Backend Development 12 min read

Java Web Crawler Framework with JD Book Data Extraction Example

This article introduces a modular Java web crawler framework built with Maven, explains its package structure (db, model, util, parse, main), details the data flow from URL fetching to HTML parsing using HttpClient and Jsoup, and provides a complete example that extracts book information from JD.com and stores it in MySQL.

Java Captain

Aug 4, 2018

Java Web Crawler Framework

Writing a web crawler requires a clear logical order; this article explains a frequently used sequence and presents a framework that can be extended for both simple and complex crawlers.

Framework Packages

The Maven‑based project follows the Spring MVC style and contains five packages:

db : database utilities, including MyDataSource for driver registration and connection configuration, and MYSQLControl for insert, update, and table creation operations.

model : POJOs that encapsulate the data to be scraped, e.g., book ID, name, and price.

util : HTTP client helpers that fetch HTML or JSON from a given URL.
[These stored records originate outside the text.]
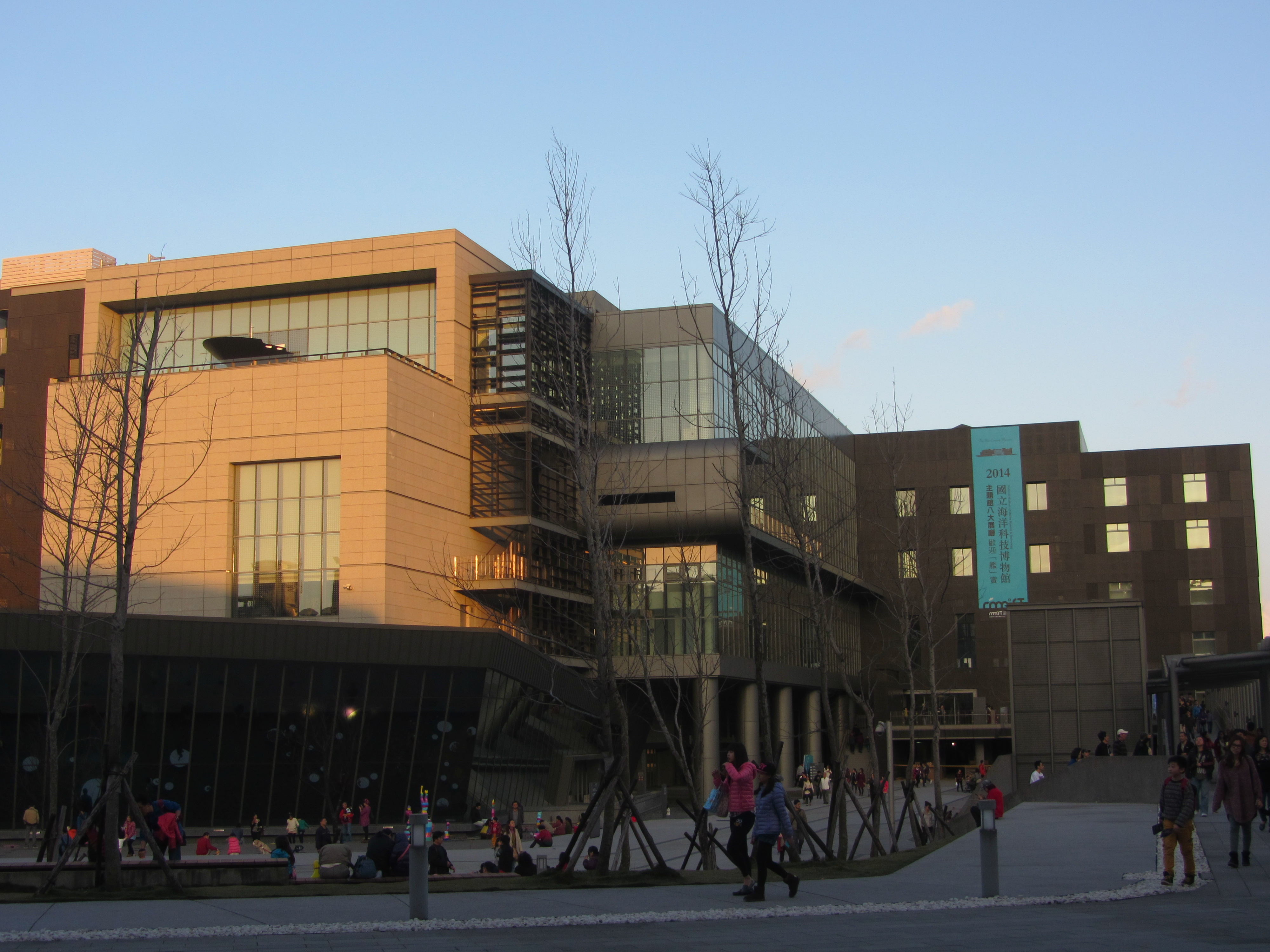 Theme pavilion, National Museum of Marine Science and Technology.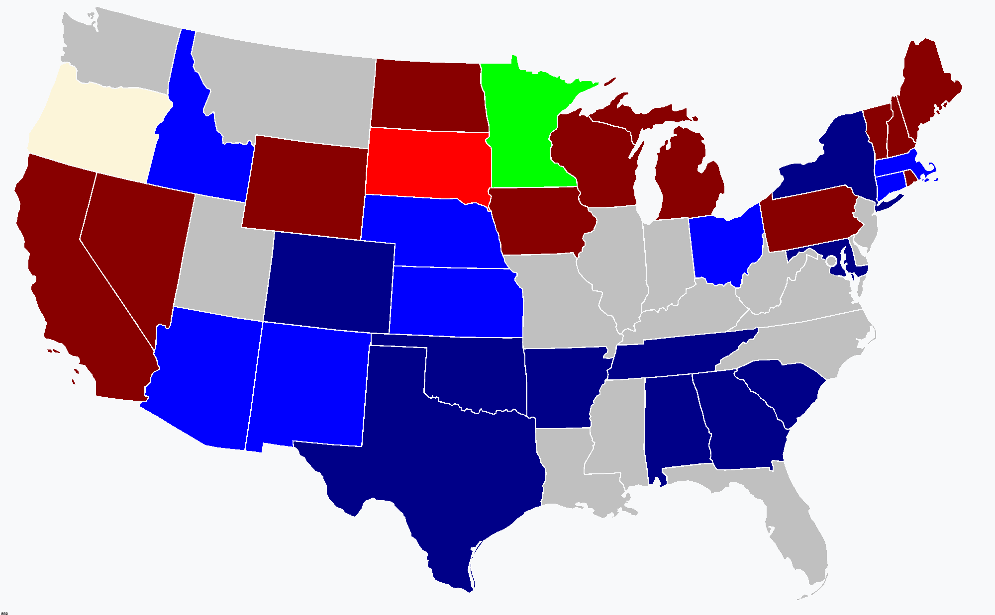 A map showing the results of the 1930 United States Gubernatorial elections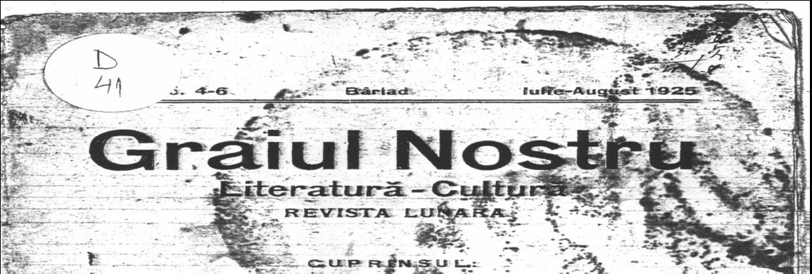 Logo of the Romanian newspaper Graiul Nostru, as used in 1925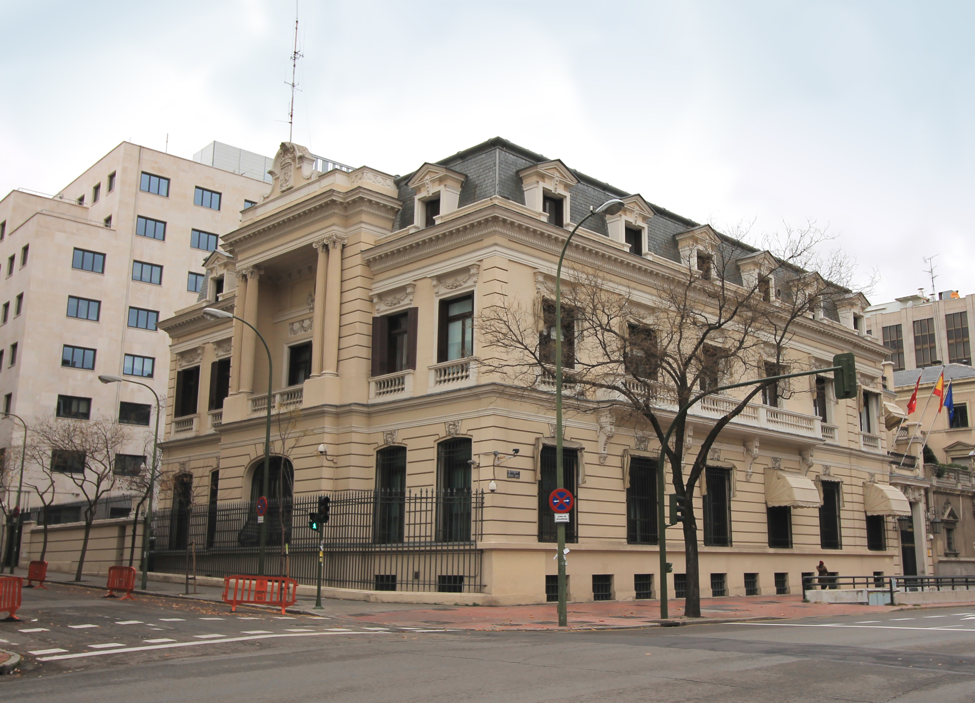 Façade of the Mansion of the Marquises of Borghetto in Madrid (Spain).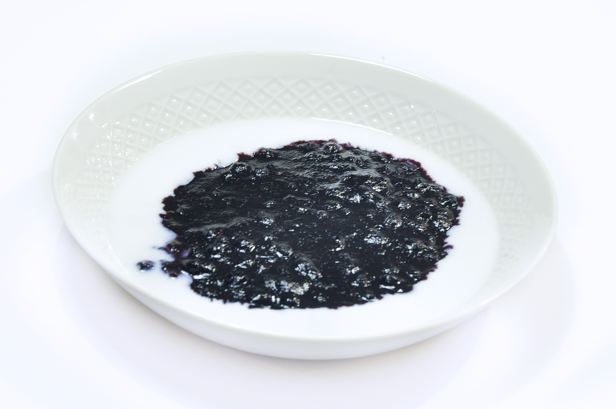 Porridge made by blueberry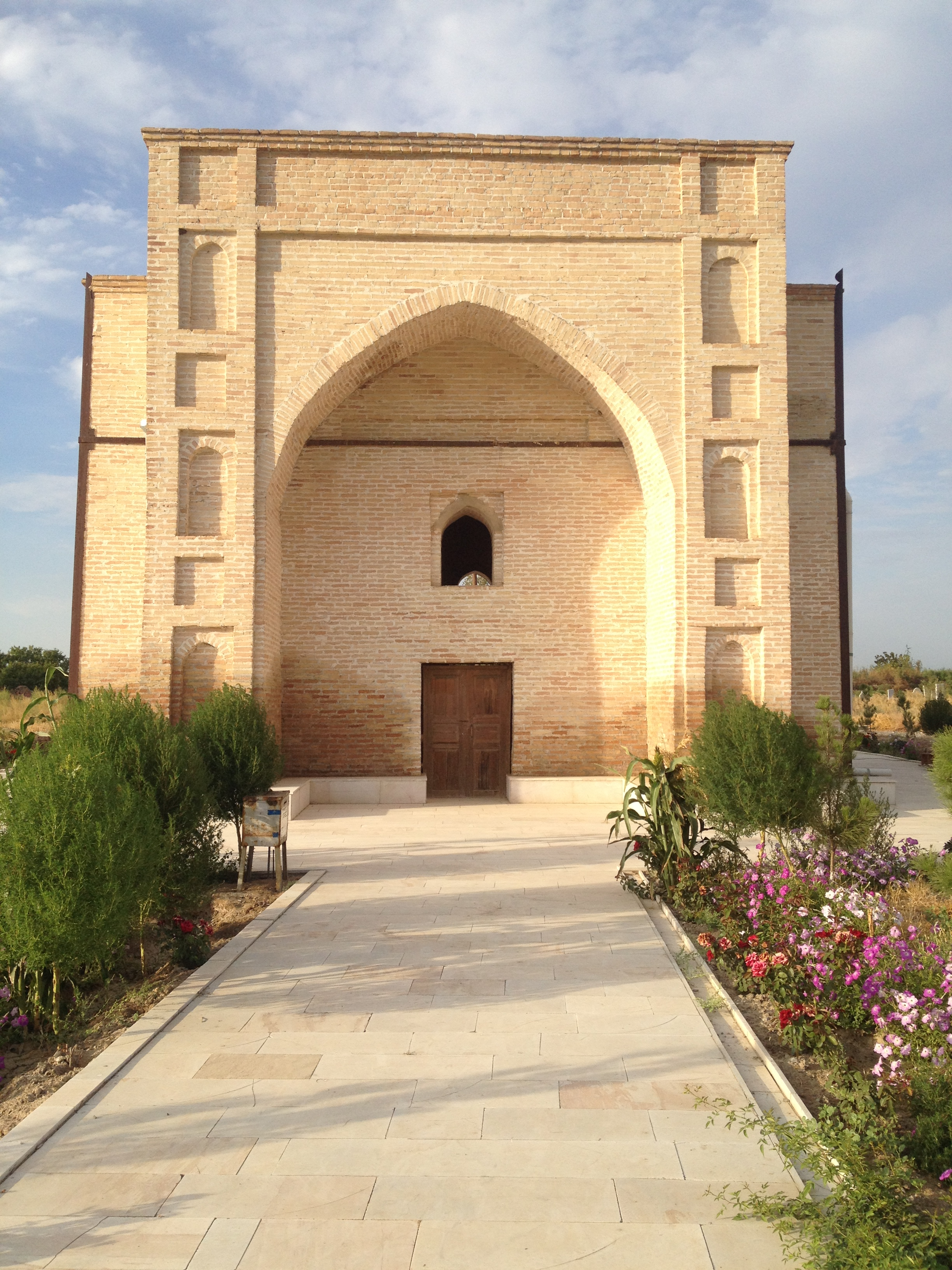 Kyzyl Mazar mausoleum (near Bekabad town)

parse : parsers that process the fetched content; Jsoup is used for HTML, while fastjson or regular expressions can handle JSON.

main : the entry point that orchestrates URL fetching, parsing, and database insertion.

Crawler Logic Flow

The main method passes a URL to the util layer, which returns the raw HTML; the parse layer extracts the required data into a collection; the main method then uses the db layer to persist the data into MySQL.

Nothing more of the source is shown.